From the crush of the great crowds around the grand stand at the race-course, lining up far down the in-field, and jamming the betting sheds, I saw my Aunt Lucretia forcing her sorrel horse through the gathering. She had been a familiar figure at every fair and race meeting as far back as I could remember. No secretary for twenty years had questioned her judgment or her orders; they were too glad to have her help. I was in the judges' stand helping them out. I had ridden over early, leaving Satan to my Aunt's stable boy, who had already worked him out with a stiff gallop of two miles, and rubbed him down for the hurdle race and the high jump.

My Aunt Lucretia rode up close to the little canopied stand and beckoned to me. "Ever see such a crowd?" she said, smiling proudly. "I told Roswick this special high jump and hurdle would draw 'em. I'll bet there are twenty thousand people in that crowd."

"What is the programme?" I asked indifferently, though I knew it as well as she. I had come out under protest with myself as it were; I would rather have been deep in the heart of my wood where I might not see Eloise. I had tossed all night on my bed. If I dozed it was only to awaken, feeling that I held Eloise fainting in my arms. I did not want to see her, for in my heart, since I last danced, there had been such a tempest of conflicting emotions as made me pace the floor all night; and by day I knew not my own mind. Yet somehow it was not all sorrow. For I knew now that Eloise loved me and at thought of it my heart almost burst with gladness. Gladness was mingled so with sorrow that I wondered if both were not sweeter for the mingling.

"Colonel Goff and I have put up a few three-foot hurdles," my Aunt said, sweeping the track with her hand, "and he and Eloise and a few of the younger people are going to gallop over them just for fun. Goff really wants to show off his record-breaking jumper and his fiancée at the same time," she said, smiling carelessly at me. "The hurdles will be for any of them who care to go over them, but the high jump," and she pointed to a movable gate of bars, flanked with high panels on each side, "will be put across the wire at the finish for Goff and his hunter only," and she laughed, winking at me slyly. "The record is five feet six; Goff thinks that is what he is going after again; but I've put up another bar for fun.
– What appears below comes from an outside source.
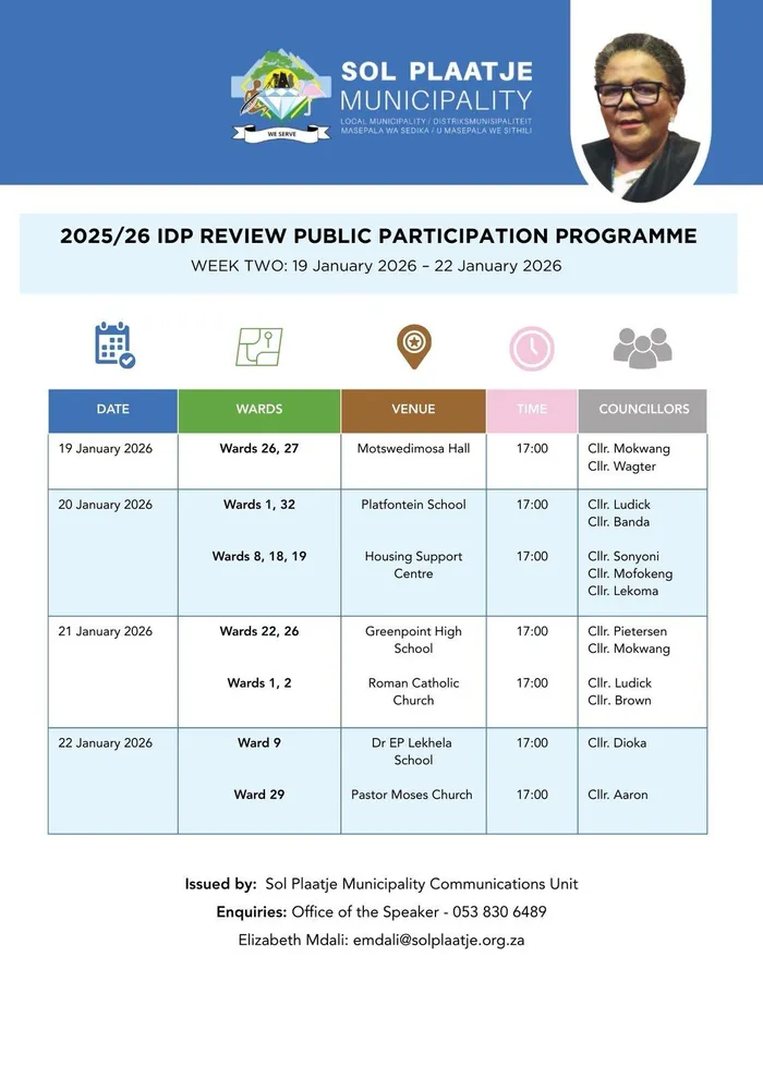 She encouraged the public to attend as the the Integrated Development Programme (IDP) review for the 2025/2026 financial year meetings that commenced on January 12 in ward 14, 23, 24 and 28.

I want to see Goff's imported record-breaking 'lepper,' as he calls him, break his blooming knees on that top bar."

I turned impatiently. "Aunt Lucretia, that's dangerous, six feet—and under the whip, after a mile dash!"

Aunt Lucretia smiled. "None of them is supposed to go after the high jump but the Colonel, and he swears he can do it. H-u-s-h!" she whispered. "Not a word of this. Just let Eloise fix him. I've been twenty years arguing with him about importing these worthless brutes and the superiority of our own horses, now I am going to make him pay for his obstinacy—s-sh! There they come now," and she pointed to the in-field, through which a jolly group of riders came, society people mostly, girls and boys and members of the hunting club who were out for the mile gallop over the short hurdles.

"There are ten couples of them in all," she said, "our smartest boys and girls. Many of them will not even try the low hurdles and none of them the high jump except the Colonel."

"You ought not to try it," I said resolutely. "Don't you know that nothing can keep Eloise and Satan from trying that gate of bars?"

"Of course," said my Aunt, "but Goff doesn't know it, and that is where he will part with his ducats. He has even forgotten the bet, he has been so happy; but I'll remind him. He hasn't the least idea that Satan could jump over his shadow in the road. O-h, no!"

As we talked they rode up. "Now see here," said Colonel Goff to his crowd, as he lined them up, "some of these hurdles are going to take a bit of going, and you boys must give the ladies the front, for your dust might blind the horses to the hurdles and make them rush over them with chances for bad tumbles and broken knees. We'll finish the last quarter flat; but I'll go over the gate and bars here for exhibition. It's a pretty stiff affair and will take a bit of going, so the rest of you will please be so kind as to give me the lead here and an open field; just hack around this last quarter, following me, and dodge the gate. There's plenty of room."